[Stored data]
________
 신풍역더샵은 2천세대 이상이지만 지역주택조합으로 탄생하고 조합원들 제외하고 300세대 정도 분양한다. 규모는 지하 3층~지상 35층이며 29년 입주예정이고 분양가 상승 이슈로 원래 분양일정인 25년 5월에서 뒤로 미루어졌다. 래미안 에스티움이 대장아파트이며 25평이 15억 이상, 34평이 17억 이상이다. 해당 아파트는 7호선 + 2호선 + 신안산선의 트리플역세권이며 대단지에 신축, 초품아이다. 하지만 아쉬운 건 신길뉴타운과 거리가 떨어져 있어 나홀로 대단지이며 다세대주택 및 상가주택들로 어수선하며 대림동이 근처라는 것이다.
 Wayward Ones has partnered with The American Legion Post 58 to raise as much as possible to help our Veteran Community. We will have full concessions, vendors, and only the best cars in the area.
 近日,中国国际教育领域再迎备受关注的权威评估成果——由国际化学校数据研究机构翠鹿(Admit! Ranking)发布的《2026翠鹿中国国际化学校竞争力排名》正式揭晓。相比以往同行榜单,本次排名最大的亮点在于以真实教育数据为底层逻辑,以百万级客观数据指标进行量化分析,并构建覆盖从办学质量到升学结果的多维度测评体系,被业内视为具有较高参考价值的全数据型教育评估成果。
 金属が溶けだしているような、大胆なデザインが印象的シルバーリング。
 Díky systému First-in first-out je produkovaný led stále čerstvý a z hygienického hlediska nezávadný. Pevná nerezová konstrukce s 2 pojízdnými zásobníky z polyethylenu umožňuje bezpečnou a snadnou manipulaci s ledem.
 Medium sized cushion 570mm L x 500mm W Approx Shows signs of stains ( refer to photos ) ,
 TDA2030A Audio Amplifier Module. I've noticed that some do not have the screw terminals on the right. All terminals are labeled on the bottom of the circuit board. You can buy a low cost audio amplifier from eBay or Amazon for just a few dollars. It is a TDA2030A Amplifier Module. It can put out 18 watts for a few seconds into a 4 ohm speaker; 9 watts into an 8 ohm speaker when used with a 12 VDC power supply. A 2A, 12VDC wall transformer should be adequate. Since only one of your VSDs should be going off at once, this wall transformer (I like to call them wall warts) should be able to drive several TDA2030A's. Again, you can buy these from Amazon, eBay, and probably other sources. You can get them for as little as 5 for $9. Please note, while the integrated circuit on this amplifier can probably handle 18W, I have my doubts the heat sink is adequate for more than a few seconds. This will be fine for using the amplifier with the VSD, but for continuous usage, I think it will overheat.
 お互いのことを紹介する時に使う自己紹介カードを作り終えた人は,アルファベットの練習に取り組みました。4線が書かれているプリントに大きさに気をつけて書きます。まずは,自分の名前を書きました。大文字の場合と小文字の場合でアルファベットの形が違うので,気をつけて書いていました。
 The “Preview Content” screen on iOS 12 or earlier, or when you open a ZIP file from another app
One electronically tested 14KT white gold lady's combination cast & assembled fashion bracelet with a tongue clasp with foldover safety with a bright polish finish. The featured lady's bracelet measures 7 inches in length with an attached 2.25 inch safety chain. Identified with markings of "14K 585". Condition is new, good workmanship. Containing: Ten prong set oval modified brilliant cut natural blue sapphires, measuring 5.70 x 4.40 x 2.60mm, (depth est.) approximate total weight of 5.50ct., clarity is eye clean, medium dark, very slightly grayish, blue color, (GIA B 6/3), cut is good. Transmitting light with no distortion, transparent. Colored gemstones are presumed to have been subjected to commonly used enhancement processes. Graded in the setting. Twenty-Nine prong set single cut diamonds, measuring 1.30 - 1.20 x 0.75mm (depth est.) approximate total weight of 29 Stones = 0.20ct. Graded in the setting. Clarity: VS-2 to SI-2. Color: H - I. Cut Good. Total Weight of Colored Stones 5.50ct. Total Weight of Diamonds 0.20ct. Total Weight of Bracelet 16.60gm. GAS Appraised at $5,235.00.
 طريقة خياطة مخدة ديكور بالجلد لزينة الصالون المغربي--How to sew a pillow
________
THE TASK: An exact, complete copy of the records is the expected answer.

WRITTEN SOLUTION:
 신풍역더샵은 2천세대 이상이지만 지역주택조합으로 탄생하고 조합원들 제외하고 300세대 정도 분양한다. 규모는 지하 3층~지상 35층이며 29년 입주예정이고 분양가 상승 이슈로 원래 분양일정인 25년 5월에서 뒤로 미루어졌다. 래미안 에스티움이 대장아파트이며 25평이 15억 이상, 34평이 17억 이상이다. 해당 아파트는 7호선 + 2호선 + 신안산선의 트리플역세권이며 대단지에 신축, 초품아이다. 하지만 아쉬운 건 신길뉴타운과 거리가 떨어져 있어 나홀로 대단지이며 다세대주택 및 상가주택들로 어수선하며 대림동이 근처라는 것이다.
 Wayward Ones has partnered with The American Legion Post 58 to raise as much as possible to help our Veteran Community. We will have full concessions, vendors, and only the best cars in the area.
 近日,中国国际教育领域再迎备受关注的权威评估成果——由国际化学校数据研究机构翠鹿(Admit! Ranking)发布的《2026翠鹿中国国际化学校竞争力排名》正式揭晓。相比以往同行榜单,本次排名最大的亮点在于以真实教育数据为底层逻辑,以百万级客观数据指标进行量化分析,并构建覆盖从办学质量到升学结果的多维度测评体系,被业内视为具有较高参考价值的全数据型教育评估成果。
 金属が溶けだしているような、大胆なデザインが印象的シルバーリング。
 Díky systému First-in first-out je produkovaný led stále čerstvý a z hygienického hlediska nezávadný. Pevná nerezová konstrukce s 2 pojízdnými zásobníky z polyethylenu umožňuje bezpečnou a snadnou manipulaci s ledem.
 Medium sized cushion 570mm L x 500mm W Approx Shows signs of stains ( refer to photos ) ,
 TDA2030A Audio Amplifier Module. I've noticed that some do not have the screw terminals on the right. All terminals are labeled on the bottom of the circuit board. You can buy a low cost audio amplifier from eBay or Amazon for just a few dollars. It is a TDA2030A Amplifier Module. It can put out 18 watts for a few seconds into a 4 ohm speaker; 9 watts into an 8 ohm speaker when used with a 12 VDC power supply. A 2A, 12VDC wall transformer should be adequate. Since only one of your VSDs should be going off at once, this wall transformer (I like to call them wall warts) should be able to drive several TDA2030A's. Again, you can buy these from Amazon, eBay, and probably other sources. You can get them for as little as 5 for $9. Please note, while the integrated circuit on this amplifier can probably handle 18W, I have my doubts the heat sink is adequate for more than a few seconds. This will be fine for using the amplifier with the VSD, but for continuous usage, I think it will overheat.
 お互いのことを紹介する時に使う自己紹介カードを作り終えた人は,アルファベットの練習に取り組みました。4線が書かれているプリントに大きさに気をつけて書きます。まずは,自分の名前を書きました。大文字の場合と小文字の場合でアルファベットの形が違うので,気をつけて書いていました。
 The “Preview Content” screen on iOS 12 or earlier, or when you open a ZIP file from another app
One electronically tested 14KT white gold lady's combination cast & assembled fashion bracelet with a tongue clasp with foldover safety with a bright polish finish. The featured lady's bracelet measures 7 inches in length with an attached 2.25 inch safety chain. Identified with markings of "14K 585". Condition is new, good workmanship. Containing: Ten prong set oval modified brilliant cut natural blue sapphires, measuring 5.70 x 4.40 x 2.60mm, (depth est.) approximate total weight of 5.50ct., clarity is eye clean, medium dark, very slightly grayish, blue color, (GIA B 6/3), cut is good. Transmitting light with no distortion, transparent. Colored gemstones are presumed to have been subjected to commonly used enhancement processes. Graded in the setting. Twenty-Nine prong set single cut diamonds, measuring 1.30 - 1.20 x 0.75mm (depth est.) approximate total weight of 29 Stones = 0.20ct. Graded in the setting. Clarity: VS-2 to SI-2. Color: H - I. Cut Good. Total Weight of Colored Stones 5.50ct. Total Weight of Diamonds 0.20ct. Total Weight of Bracelet 16.60gm. GAS Appraised at $5,235.00.
 طريقة خياطة مخدة ديكور بالجلد لزينة الصالون المغربي--How to sew a pillow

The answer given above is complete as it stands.